Exact Moderate and Large Deviations for Sums of Dependent Random Variables
- Exact Moderate and Large Deviations for Sums of Dependent Random Variables
- 2018-06-13 15:00-17:00
Large and moderate deviation probabilities play an important role in many applied areas, such as insurance and risk analysis. In this talk we first study the exact moderate and large deviation asymptotics in non-logarithmic form for linear processes with independent innovations with pth (p>2) moment and regular varying right tails. The linear processes we analyzed are general and therefore they include the long memory case. We give an asymptotic representation for probability of the tail of the normalized sums and specify the zones in which it can be approximated either by a standard normal distribution or by the marginal distribution of the innovation process. We also extend the results to linear random fields.
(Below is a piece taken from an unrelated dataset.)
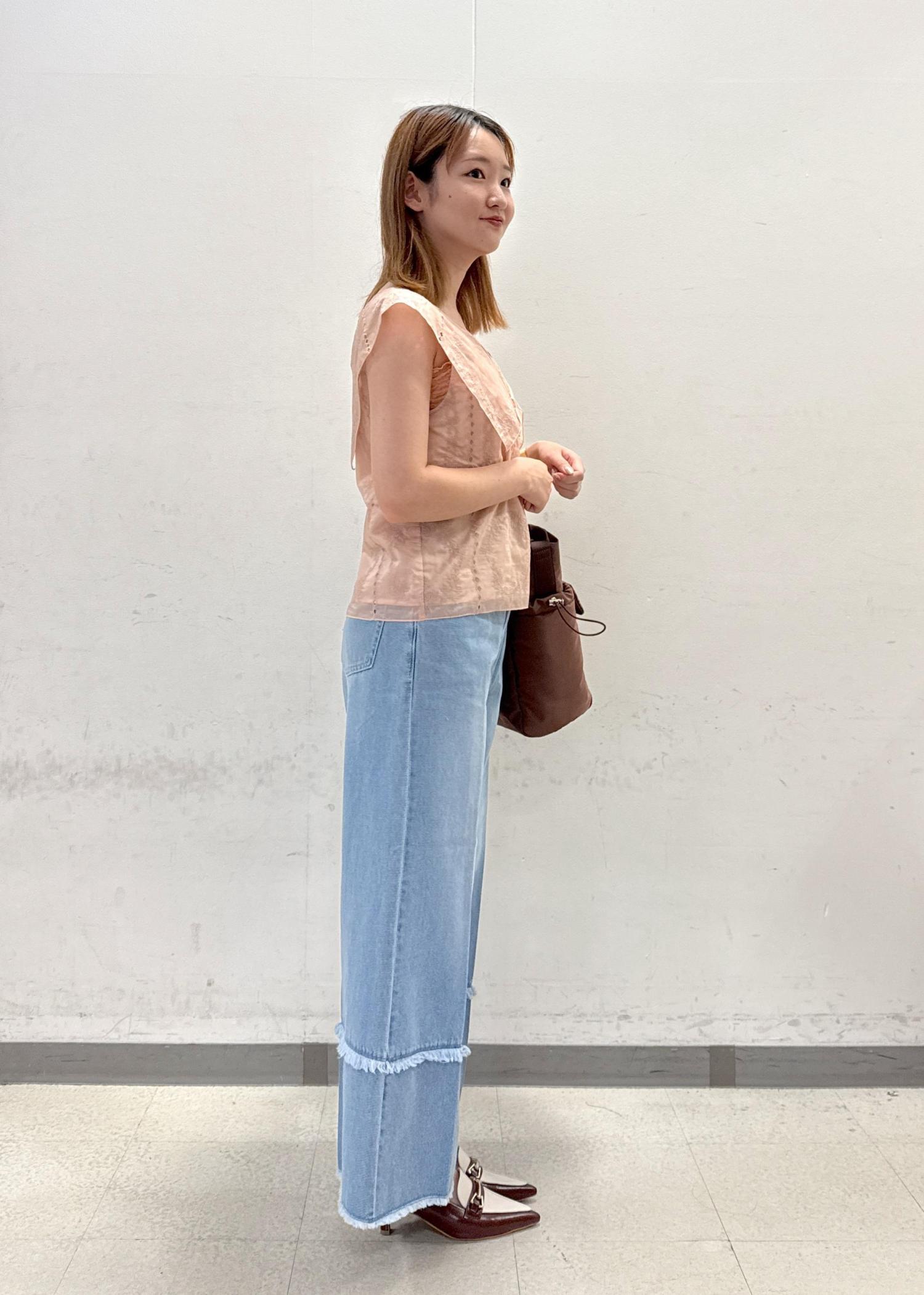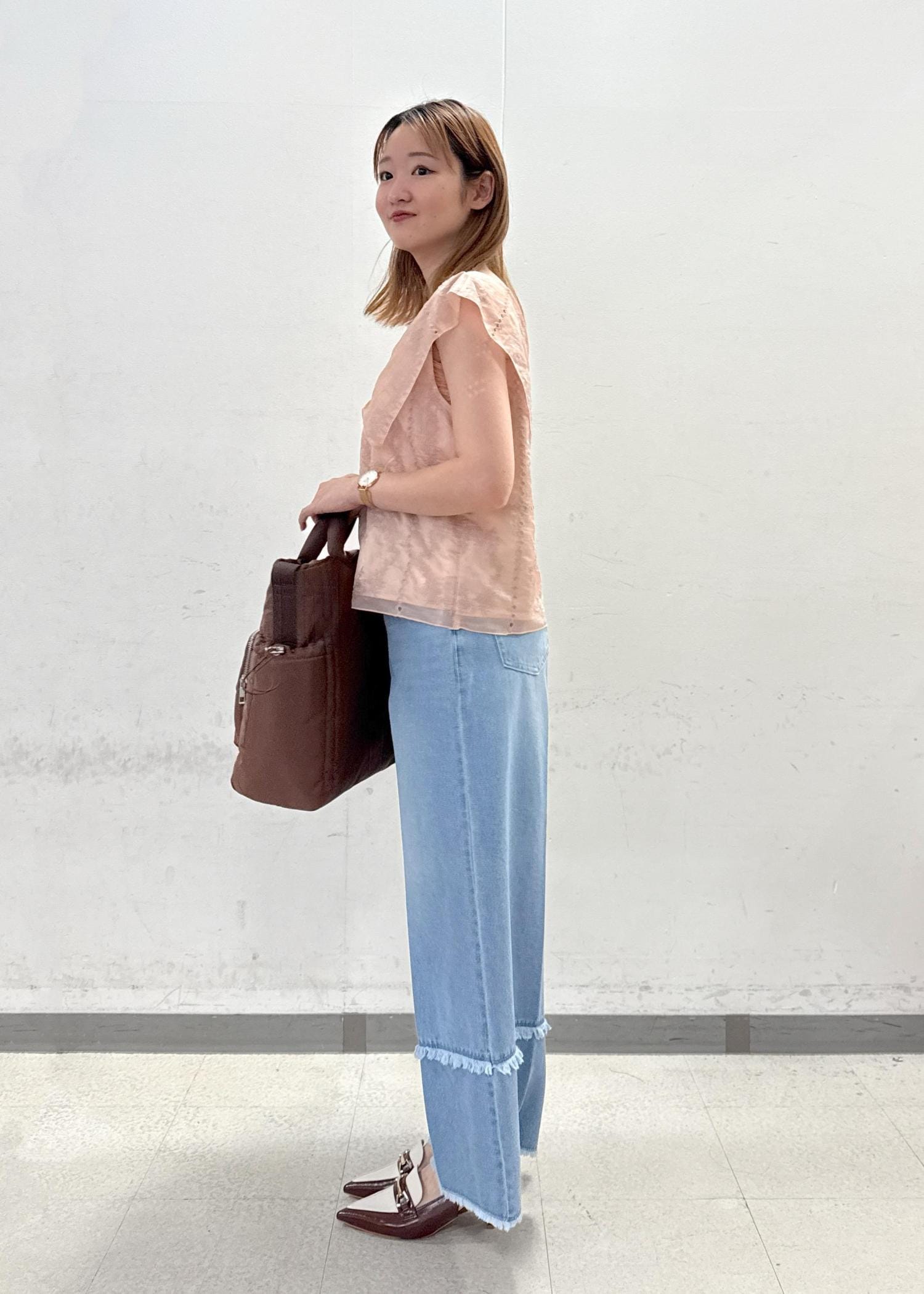 ピンクの可愛いらしさのあるトップスをデニムと合わせてカジュアルして着てみました!

The results are then applied to regression estimates, moving averages, fractionally integrated processes, linear processes with regularly varying exponents, functions of linear processes and Davis-Gut law of the iterated logarithm.
We also study the moderate deviation under the Cramer condition for sums of random fields by applying the conjugate method. The results are applicable to the partial sums of linear random fields with short or long memory and to nonparametric regression with random field errors. (This talk is based on joint work of three papers with Aleksandr Beknazaryan, Magda Peligrad, Wei Biao Wu, Yimin Xiao and Yunda Zhong.)